Screw cam means on the screw cam rotor 19, 20 is during rotation in engagement with screw thread means in the screw thread rotor 8, 9 so that the latter is rotated around the axis 15 with a gear change depending on the type of the screw engagement. From the chamber 4 the working medium flows via the neck of shaft 14 and the end part 12 into the screw thread means of the screw thread rotor 8, 9. The screw cam means of the screw cam rotor 19, 20 cooperates with the screw thread means so that chambers for the working medium are formed during rotation which chambers move from end to end of the rotors while changing their volumes i.e. in the shown compressor application the working medium is compressed during passage through the rotor parts 8 and 9. The cooperating screw profiles can thereby be made in an arbitrary suitable way. The embodiment shows in FIGS. 2, 3 the screw cam part 19 made as a single-thread screw with a circular profile and constant lead. The screw thread rotor part 8 hereby becomes a hollow profile with two opposite half circular and mutually connected screw threads which sealingly cooperate with the screw profile and having a constant lead which is double that of the screw cam rotor part 19. In a leap plane 25 which is transverse to the rotors and forming a dividing plane between the screw thread rotor parts 8 and 9 and a transference plane between the screw cam rotor parts 19 and 20, a sudden decrease of the thread leads from the leads in the rotor parts 8 and 19 to the leads in the rotor parts 20 and 9 occurs. Through this the rotor parts 9, 20 will act as gates damming the working medium axially which during rotation makes inner compression of the working medium between the rotor parts 8 and 19 possible. The compressed working medium is passed through the rotor parts 9, 20 into the end part 11 and continues via the neck of shaft 13 to a pressure chamber 26 in the housing part 1 from which it is taken off under pressure via a high pressure outlet 27.

The pressure chamber 26 is via the rolling bearing 17 open to a cylindrical guidance 28 which is coaxial with the rotation axis 16 and rotatably carries a balancing part in form of a piston 29. The piston 29 is by means of a nut 31 together with the inner race of the rolling bearing 17 fastened to the gudgeon 23. Oil under pressure is supplied from a suitable not shown pressure source in the compressor aggregate via a conduit 32 to channels 33, 34 in the housing part 1 of which the channel 33 emerges into a circumferential groove 35 around the piston 29 while the channel 34 emerges into a corresponding circumferential groove 36 around the neck of shaft 13 and coaxial with the rotation axis 15. The circumferential grooves 35, 36 form liquid pressure seals through which the pressure chamber 26 is sealed off in relation to the rotating rotor parts. The guidance 28 is covered by a cover 37 and provided with suitable drainage outside the piston 29.

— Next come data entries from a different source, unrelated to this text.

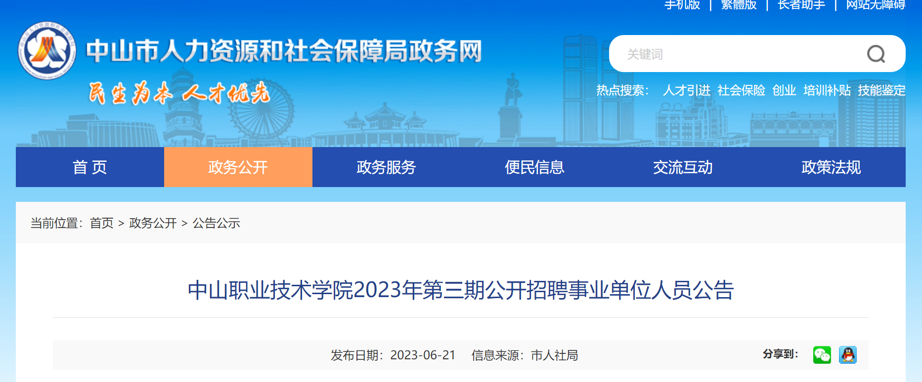 中山職業(yè)技術(shù)學(xué)院是中山市人民政府投資舉辦的全日制普通高等學(xué)校。因?qū)W校發(fā)展需要,決定面向社會公開招聘事業(yè)單位人員。為確保此次招聘工作順利進(jìn)行,根據(jù)《廣東省事業(yè)單位公開招聘人員辦法》(廣東省人民政府令第139號)及有關(guān)文件規(guī)定,現(xiàn)就有關(guān)事項(xiàng)公告如下:
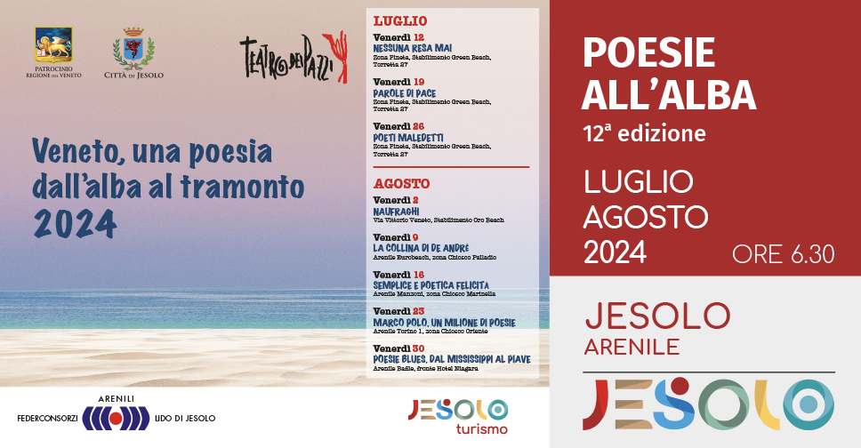 Torna a Jesolo Poesie all'alba, la dodicesima edizione della rassegna che invita ad ascoltare versi e note sulla sabbia.
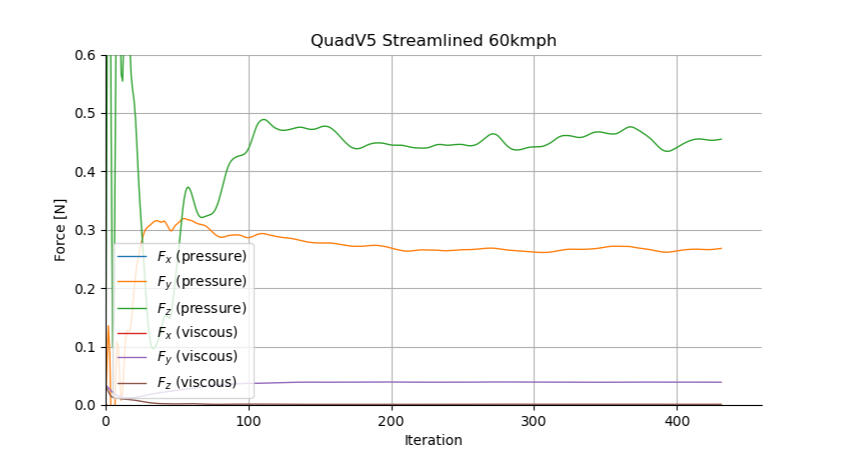 The new design (QuadV5) showed promising results with 94 grams force of lift and 55 grams force of drag at 60 km/h.But what does this mean? The generic drone roughly needs to produce 130 grams force more thrust than the streamlined design for the same speed.
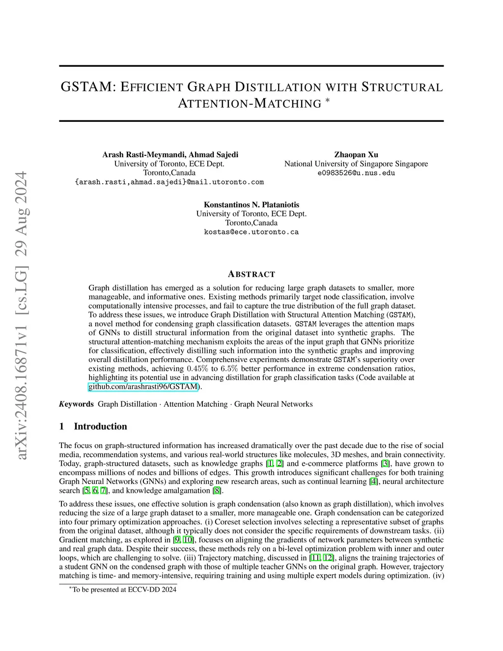 GSTAM: Efficient Graph Distillation with Structural Attention-Matching
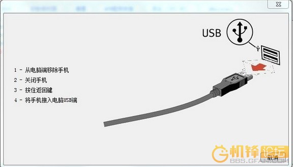 第七、按照我的指示、把手机关机超过30秒(或者拔电池5秒钟以上) 第八、在手机的关机状态中按着返回键的同时、插上数据线连接电脑、 第九、等几秒钟开始自动刷机、
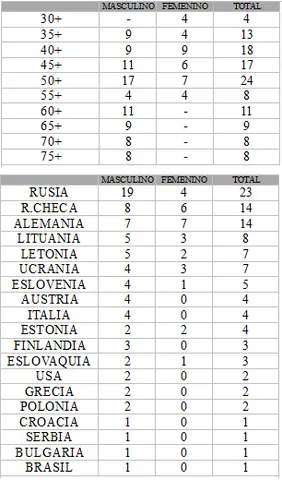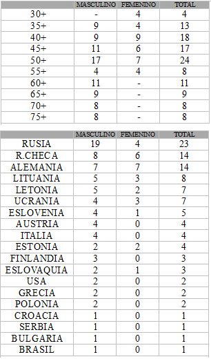 El gigante soviético es el país que presenta más equipos, tanto en la categoría masculina (19) como en el total de equipos (23). Sin embargo, en la categoría femenina sobresalen Alemania (7) y la anfitriona República Checa (6).

The balancing piston 29 is exposed to the pressure of the working medium in the pressure chamber 26 and given such an area in relation to the hole area 40 of the screw thread rotor which is enclosed by the circumscribing contour line 38 in FIGS. 2, 3 that the desired limitation of the axial force loading of the screw cam rotor 19, 20 and its bearing 17 is obtained. In the present embodiment the diameter of the balancing piston 29 is chosen somewhat smaller than the diameter of the circle corresponding to the hole area 40 of the screw thread rotor 8, 9. With superatmospheric pressure in the pressure chamber 26 this results in a constantly in the illustrated arrow direction 39, FIG. 1, acting restricted force component on the rolling bearing 17. The neck of shaft 13 of the screw thread rotor 8, 9 has the sealing off comprising the circumferential groove 36 suitably situated at a diameter which also is somewhat smaller than the diameter of the circle corresponding to the hole area 40 of the screw thread rotor. Consequently superatmospheric pressure in the pressure chamber 26 will result therein that the rolling bearing 7 of the screw thread rotor 8, 9 is exposed to an axial force which constantly acts in the direction of the arrow 42. Through exact mounting of the rolling bearings the play between the rotors during operation is hereby kept very low. If needed it is possible to allow the outer races of the rolling bearings 6, 7 to be freely glidable and axially unlocked by stops in the housing parts 1, 2 so that the screw thread rotor 8, 9 may adjust itself in relation to the flanks of the screw cam means on the screw cam rotor 19, 20 and the leap plane 25 of the rotors. Since the area of the balancing piston 29 and the area of the neck of shaft 13 situated inside the circumferential groove 36 both are close to the hole area 40 the axial forces in the arrow directions 39 and 42 become low so that the screw cam rotor 19, 20 can be driven with high numbers of revolution without overloading the rolling bearings. Of these the bearings 17, 18 in the present compressor application work with a number of revolutions on the screw cam rotor 19, 20 amounting to 15.000 rpm while the screw thread 8, 9 in its bearings 6, 7 runs with half that number of revolutions.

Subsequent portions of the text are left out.